What are Multi-Turn Conversations?
Multi-turn conversations are interactions where the AI remembers previous messages and maintains context:Copy
Ask AI
User: "I need a laptop"
AI: "What's your budget?"
User: "$1000" ← References "laptop" and "budget" from before
AI: "Here are laptops under $1000" ← Remembers user needs laptop for ~$1000
- ✅ Remember previous messages
- ✅ Understand references (“it”, “that”, “the one you mentioned”)

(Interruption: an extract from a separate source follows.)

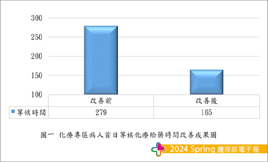 本專案之推動為院內跨單位跨團隊合作,掌握造成首日等候化療藥物時間的原因,配合文獻建議及專案人員與護理師、醫師、癌症中心、化療藥師、住院組、輸送組、資訊室等不斷討論實施多項解決方案後,縮短病人首日等候化療給藥時間從279分鐘至165分鐘,共縮短114分鐘,改善幅度為40.8%(圖一)。改善品質管理流程,減少病人等待心理壓力,縮短病人住院時間,提升住院週轉率。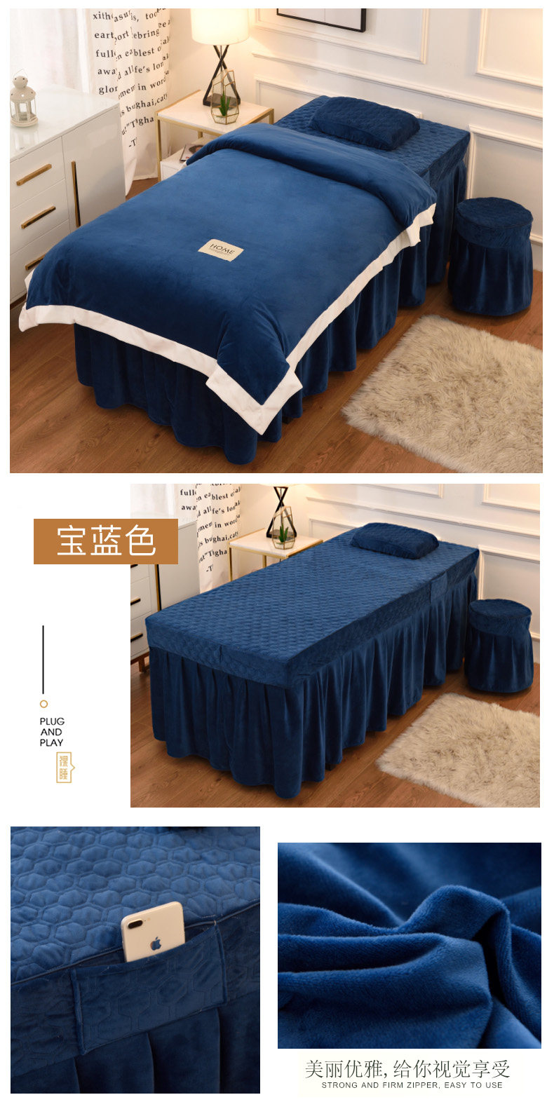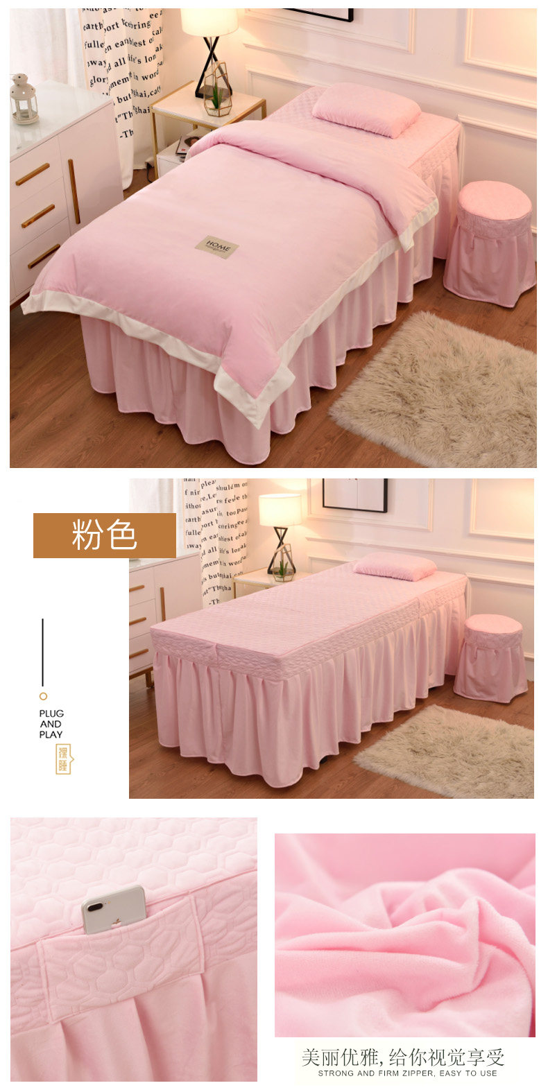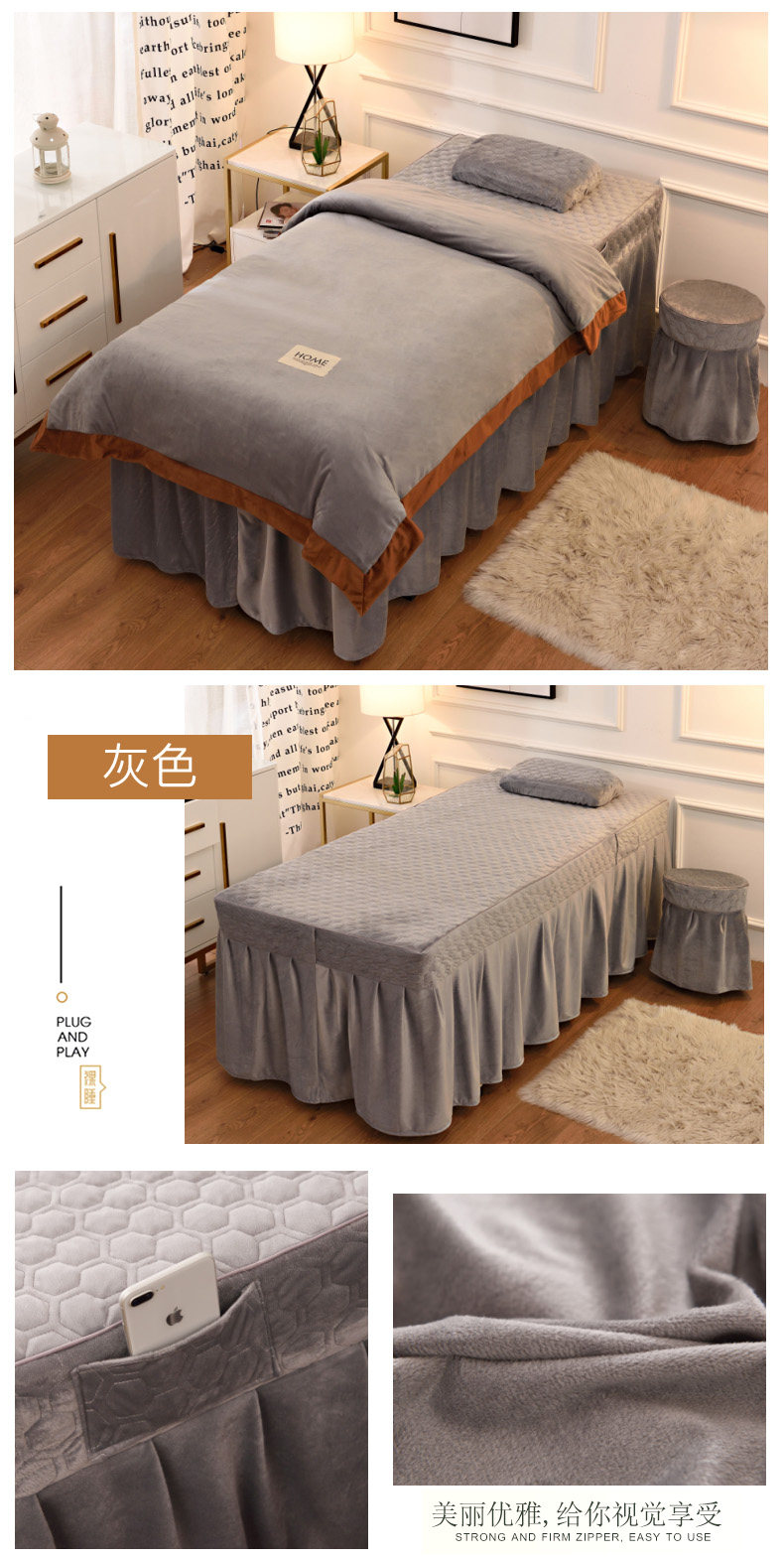 Косметическое покрывало, демисезонный комплект, косметический массажер, 4 предмета, увеличенная толщина, для салонов красоты, европейский стиль, простой и элегантный дизайн, делается под заказ, с печатью вашего логотипа

- ✅ Maintain conversation state (user’s budget, preferences, etc.)
- ✅ Stay contextually relevant
Why Test Multi-Turn Conversations?
Single-turn testing misses critical issues:Context Loss
Copy
Ask AI
Turn 1: "Find flights to Paris"
Turn 2: "What about hotels?"
❌ Without context: AI asks "Where?"
✅ With context: AI knows user means Paris
Reference Resolution
Copy
Ask AI
Turn 1: "Show me the MacBook Pro and Dell XPS"
Turn 2: "What's the battery life on the second one?"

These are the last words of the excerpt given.